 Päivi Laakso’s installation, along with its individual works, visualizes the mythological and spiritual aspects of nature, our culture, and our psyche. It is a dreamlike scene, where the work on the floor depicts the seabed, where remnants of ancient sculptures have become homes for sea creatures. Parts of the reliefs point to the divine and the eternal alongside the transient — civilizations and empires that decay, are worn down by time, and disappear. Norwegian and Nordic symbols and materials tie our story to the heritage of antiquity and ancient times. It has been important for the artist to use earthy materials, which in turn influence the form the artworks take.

____

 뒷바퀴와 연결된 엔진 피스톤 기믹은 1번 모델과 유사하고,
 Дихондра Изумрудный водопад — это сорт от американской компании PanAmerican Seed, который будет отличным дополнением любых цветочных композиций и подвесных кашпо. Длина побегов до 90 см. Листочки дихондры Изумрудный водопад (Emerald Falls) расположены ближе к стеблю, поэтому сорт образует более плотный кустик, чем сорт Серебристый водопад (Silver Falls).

____

## Assignment:
Within the material above, extract exactly the lines that start at the line containing "뒷바퀴와 연결된 엔진" and stop after the line containing "Дихондра Изумрудный водопад", and only those.

## Exercise output:
 뒷바퀴와 연결된 엔진 피스톤 기믹은 1번 모델과 유사하고,
 Дихондра Изумрудный водопад — это сорт от американской компании PanAmerican Seed, который будет отличным дополнением любых цветочных композиций и подвесных кашпо. Длина побегов до 90 см. Листочки дихондры Изумрудный водопад (Emerald Falls) расположены ближе к стеблю, поэтому сорт образует более плотный кустик, чем сорт Серебристый водопад (Silver Falls).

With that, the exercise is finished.